> [Prompt]: Images are to be dropped; everything else in the entries below must be copied exactly.

> [Records]:
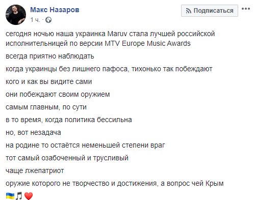 Радиоведущий Макс Назаров: "Сегодня ночью наша украинка Maruv стала лучшей российской исполнительницей по версии MTV Europe Music Awards. Всегда приятно наблюдать, когда украинцы без лишнего пафоса, тихонько так побеждают.
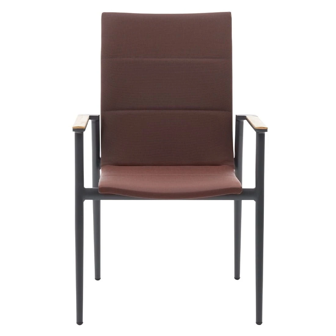 Für die Bespannung der Sitzfläche verlässt sich der Hersteller auf hochwertiges Textilene. Es zeichnet sich durch eine hohe Robustheit gegenüber Hitze und Frost aus und ist leicht zu reinigen. Auch eine stärkere Belastung macht dem robusten Sitzmöbel nichts aus, denn es ist bis 140 kg belastbar. Die Sitzbreite von 45 cm und die Sitztiefe von 43 cm machen den Stapelsessel besonders komfortabel. Die Sitzhöhe liegt zudem bei angenehmen 45 cm.
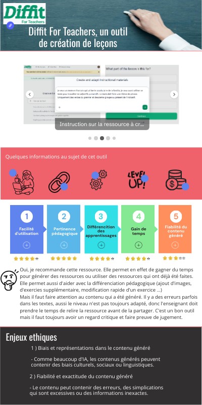 Oui, je recommande cette ressource. Elle permet en effet de gagner du temps pour générer des ressources ou utiliser des ressources qui ont déjà été faites. Elle permet aussi d'aider avec la différenciation pédagogique (ajout d'images, d'exercies supplémentaire, modification rapide d'un exercice ...)Mais il faut faire attention au contenu qui a été généré. Il y a des erreurs parfois dans les textes, aussi le niveau n'est pas toujours adapté, donc l'enseignant doit prendre le temps de relire la ressource avant de la partager. C'est un bon outil mais il faut toujours avoir un regard critique et faire preuve de jugement.
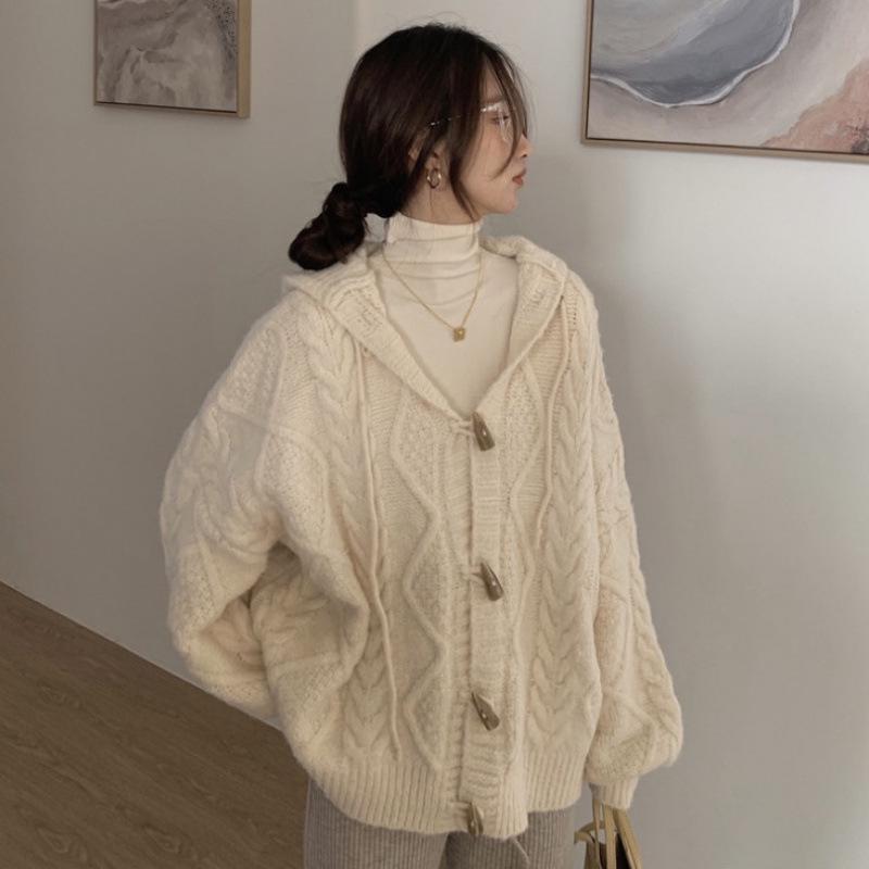 Women's Loose Cable Knit Hooded Sweater Coat - Thick Autumn/Winter 2024 Cardigan — buy online with free worldwide shipping!
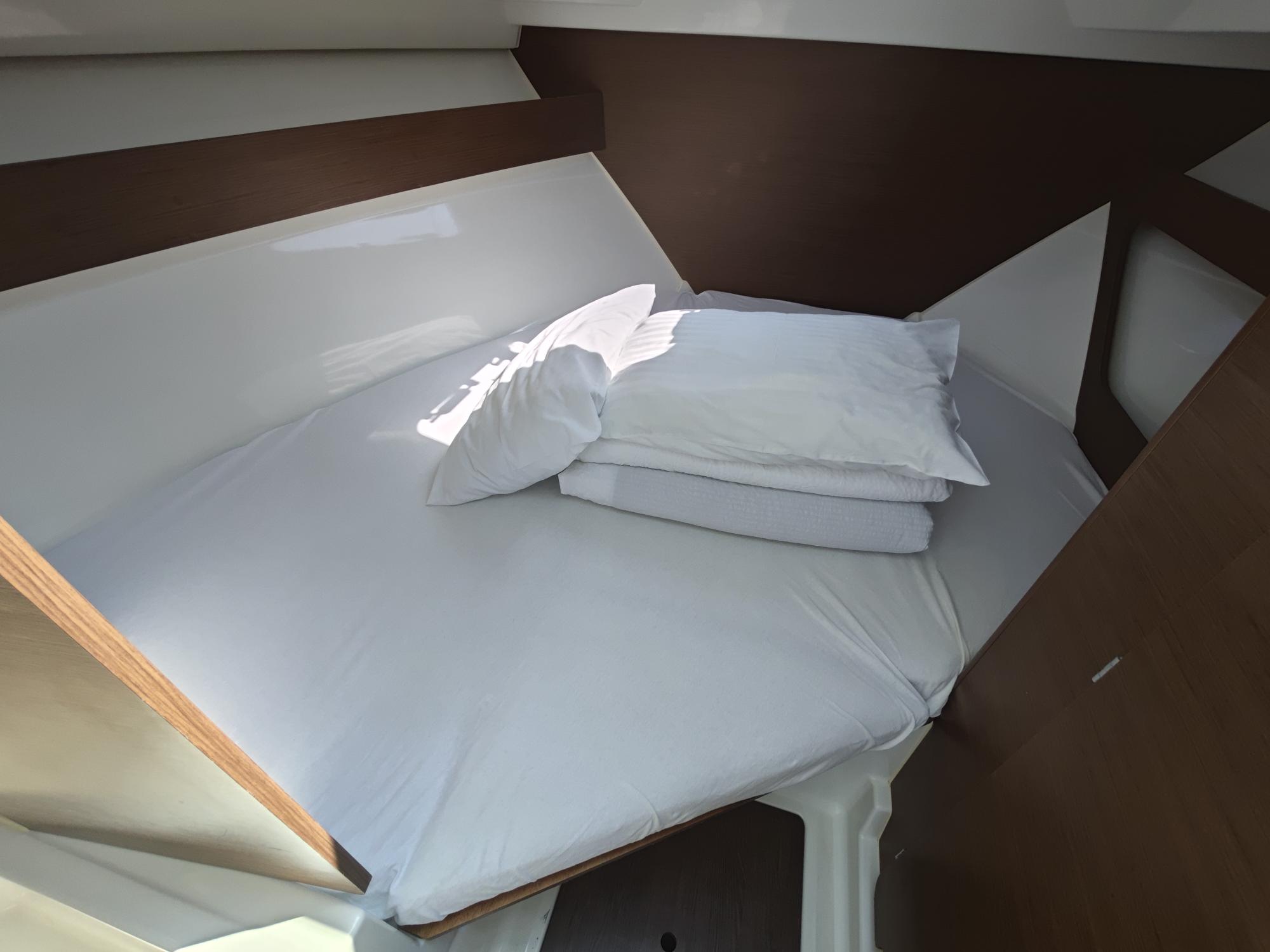 | Outside | 220V shore connection, Anchor with chain, Bimini top, Boat hook, Cockpit shower, Cockpit speakers, Cockpit cushions, Delta anchor, Electr. anchor windlass, Fender, Mooring lines, Solar panels, Sun deck, LED submarine lights |

> [Answer area]:
 Радиоведущий Макс Назаров: "Сегодня ночью наша украинка Maruv стала лучшей российской исполнительницей по версии MTV Europe Music Awards. Всегда приятно наблюдать, когда украинцы без лишнего пафоса, тихонько так побеждают.
 Für die Bespannung der Sitzfläche verlässt sich der Hersteller auf hochwertiges Textilene. Es zeichnet sich durch eine hohe Robustheit gegenüber Hitze und Frost aus und ist leicht zu reinigen. Auch eine stärkere Belastung macht dem robusten Sitzmöbel nichts aus, denn es ist bis 140 kg belastbar. Die Sitzbreite von 45 cm und die Sitztiefe von 43 cm machen den Stapelsessel besonders komfortabel. Die Sitzhöhe liegt zudem bei angenehmen 45 cm.
 Oui, je recommande cette ressource. Elle permet en effet de gagner du temps pour générer des ressources ou utiliser des ressources qui ont déjà été faites. Elle permet aussi d'aider avec la différenciation pédagogique (ajout d'images, d'exercies supplémentaire, modification rapide d'un exercice ...)Mais il faut faire attention au contenu qui a été généré. Il y a des erreurs parfois dans les textes, aussi le niveau n'est pas toujours adapté, donc l'enseignant doit prendre le temps de relire la ressource avant de la partager. C'est un bon outil mais il faut toujours avoir un regard critique et faire preuve de jugement.
 Women's Loose Cable Knit Hooded Sweater Coat - Thick Autumn/Winter 2024 Cardigan — buy online with free worldwide shipping!
 | Outside | 220V shore connection, Anchor with chain, Bimini top, Boat hook, Cockpit shower, Cockpit speakers, Cockpit cushions, Delta anchor, Electr. anchor windlass, Fender, Mooring lines, Solar panels, Sun deck, LED submarine lights |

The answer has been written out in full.